Our timeouts were much too gracious. On top of that, when the calls finally timed out, we'd drop the build because we ran into an error. It was a long night trying to isolate the problem.

Small things, when coming together at the right time, can break a system spectacularly.

We started isolating the API calls, adding much shorter timeouts. To make sure we don't drop builds because of temporary outages on GitHub's end, we added retries as well. To make sure we handle extended outages better, we added exponential backoff to the retries. With every retry, more time passes until the next one.

External APIs beyond your control need to be treated as something that can fail anytime. While you shouldn't try to isolate yourself from their failures, you need to decide how you handle them.

How to handle every single failure scenario is a business decision. Can we survive when we drop one build? Sure, it's not the end of the world. Should we just drop hundreds of builds because of a problem outside of our control? We shouldn't, because if anything, those builds matter to our customers.

Travis CI was built as a well-intentioned fellow. It assumed only the best and just thought everything was working correctly all the time.

Unfortunately that's not the case. Everything can plunge into chaos, at any time, and our code wasn't ready for it. We did quite a bit of work, and we still are, to improve this situation, to improve how our own code handles failures in external APIs, even in other components of our infrastructure.

Coming back to our friend, the hub, the tasks it did were easy to break out, so we split out lots of smaller apps, one by one. Every app had its own purpose and a pretty defined set of responsibilities.

Isolating the responsibilities allowed us to scale these processes out much easier.
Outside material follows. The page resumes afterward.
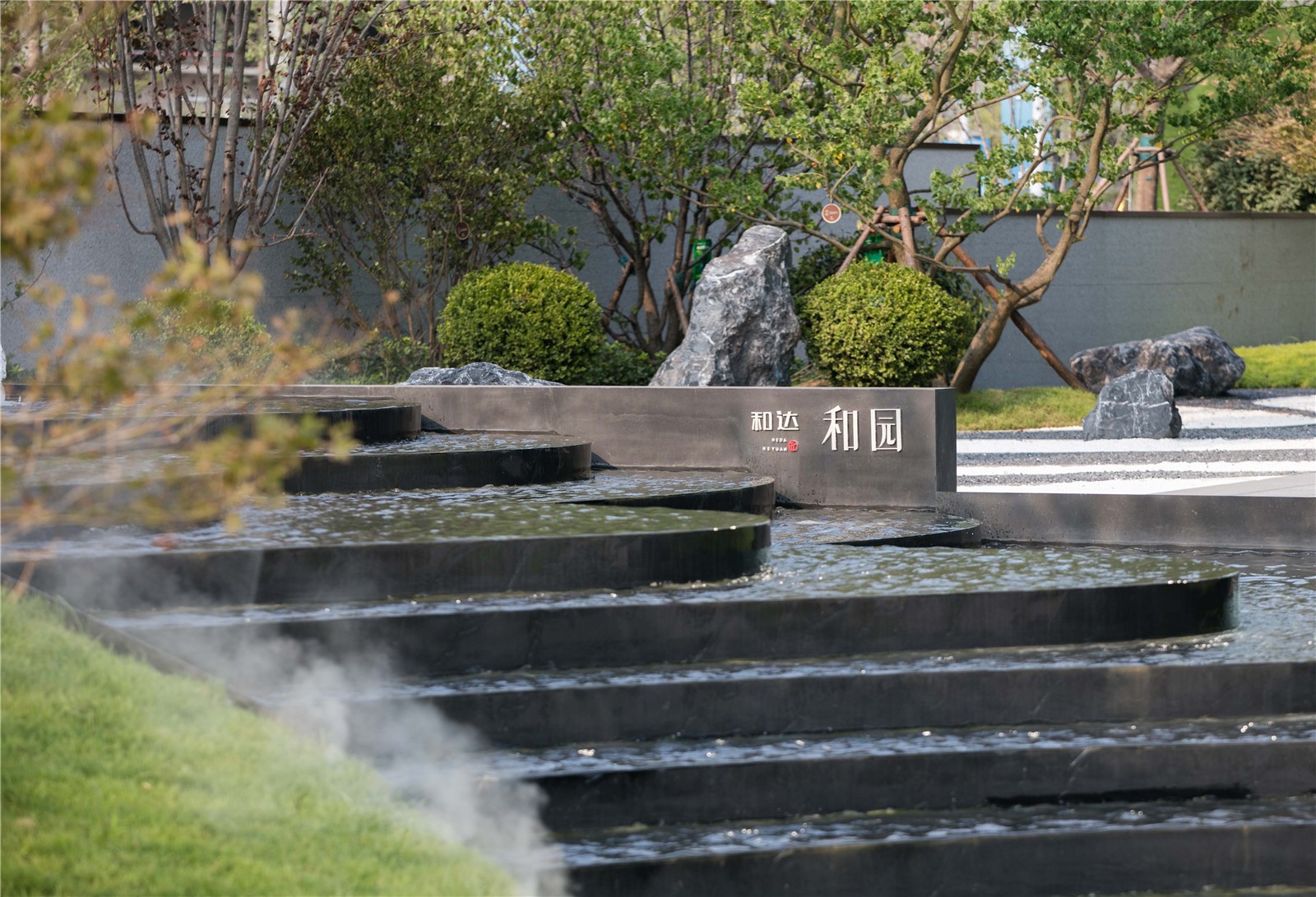綠蔭、涌泉、置石在方寸之間,營(yíng)造出一片愜意之地。浮光掠影間,用秩序的規(guī)劃彰顯山居情感,展現(xiàn)設(shè)計(jì)師對(duì)于“和”的理解,對(duì)“道法自然”的展現(xiàn)。

Most of them were pretty straight-forward to break out.

We now had processes handling new commits, handling build notifications and processing build logs.
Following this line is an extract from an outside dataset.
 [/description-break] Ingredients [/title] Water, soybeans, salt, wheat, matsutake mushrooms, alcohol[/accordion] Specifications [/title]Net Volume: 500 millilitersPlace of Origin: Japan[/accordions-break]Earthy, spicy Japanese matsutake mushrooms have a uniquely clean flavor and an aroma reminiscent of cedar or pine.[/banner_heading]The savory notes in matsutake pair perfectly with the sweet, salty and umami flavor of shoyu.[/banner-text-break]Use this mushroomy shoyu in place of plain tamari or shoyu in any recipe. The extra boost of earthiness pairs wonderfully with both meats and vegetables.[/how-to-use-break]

Suddenly, we had another problem.

While our applications were now separate, they all shared a single dependency called travis-core, which contains pretty much all of the business logic for all parts of Travis CI. It's a big ball of mud.

This single dependency meant that touching any part of the code could potentially have implications on applications the code might not even be related to. Our applications were split up by their responsibilities, but our code was not.

We're still paying a price for architectural decisions made early on. Even a simple dependency on one common piece of code can turn into a problem, as you add more functionality, as you change code.

To make sure that code still works properly in all applications, we need to regularly deploy all of them when updates are made to travis-core.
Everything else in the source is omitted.